SPECIFICATION Volume determination The invention relates to the determination of the volume of a material sample.

It has been proposed in US Patent No. 4112738 to use apparatus for the determination of the volume of a material sample which has two substantially equal-volume, cross-vented chambers in each of which a piston is reciprocable and to each of which is connected a differential pressure transducer. One of the chambers (into which the sample is inserted) has an auxiliary piston incrementally movable whereby a change in volume can be determined. Initially the free space volume of the chambers is equalised. That is achieved by moving the pistons to compress the gas in the chambers, detecting any pressure difference between the chambers, adjusting the auxiliary piston to remove the difference, cross-venting the chambers, and decompressing the gas in the chambers. This cycle is repeated until a zero pressure difference is obtained.The sample is then introduced into the one chamber and the free space volumes are again equalised. The difference between the two positions of the auxiliary piston represents the volume of the sample.

The repeated cycling of the apparatus which is necessary to establish equal free volume spaces in the chambers means that the cycle time required to determine the volume of a sample is relatively long, e.g.

of the order of several minutes.

It is an object of the present invention to provide a method of and apparatus for determining the volume of a material sample which enables the volume of the sample to be determined relatively quickly.

According to one aspect of the present invention, a method of determining the volume of a material sample comprises introducing said sample into a first one of two chambers having respective known volumes, decreasing the volume of each chamber by a respective predetermined volume and using the resultant pressure differential between said chambers owing to the presence of said sample in said first chamber to derive the volume of said sample.

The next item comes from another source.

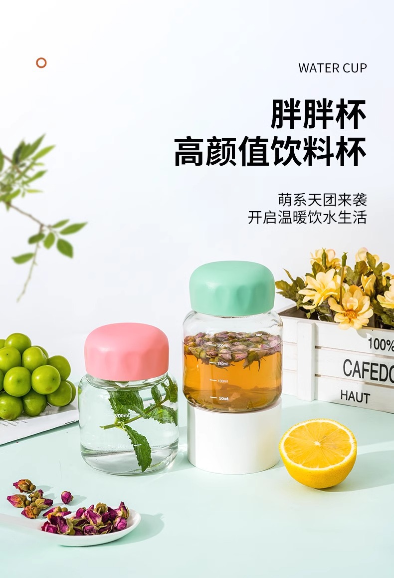 미니 유리 가정용 고온 저항하는 통통한 컵 휴대용 작은 물 컵 흔들리는 컵 우유 커피 컵 두유 컵

According to another aspect of the present invention, apparatus for determining the volume of a material sample comprises first and second wall means defining first and second chambers, respectively, having respective known volumes, said first chamber being adapted to receive a material sample the volume of which is to be determined, first and second piston means in sealed, slidable relationship with respective parts of said first and second wall means, respectively, whereby the respective volume of each chamber is variable by a respective predetermined volume by relative movements of said piston means and said respective wall means, and differential pressure transducer means connected to each chamber thereby to determine, following a decrease in the respective volume of each chamber by said predetermined volume, the resultant pressure differential between said chambers owing to the presence of a material sample in said first chamber, said resultant pressure differential being proportional to the volume of said sample.

Preferably, said respective volumes of said chambers are equal to one another.

Preferably, said respective predetermined volumes are equal to one another.

Preferably, said piston means are movable simultaneously with one another.

An application of the apparatus and the method lies in the determination of the density of an article, particularly irregularly-shaped articles. Typically, it is a requirement to recycle materials from used articles, the recycling process being dependent upon the materials involved. Conveniently, such articles can be classified prior to recycling by differences in the densities of the articles. For example, articles such as metal cutting tools, rock drills and wear resistant machine parts which incorporate tungsten, tantalum and titanium carbides (which differ appreciably in density and this is reflected in the density of the article) can be readily classified for recycling by density.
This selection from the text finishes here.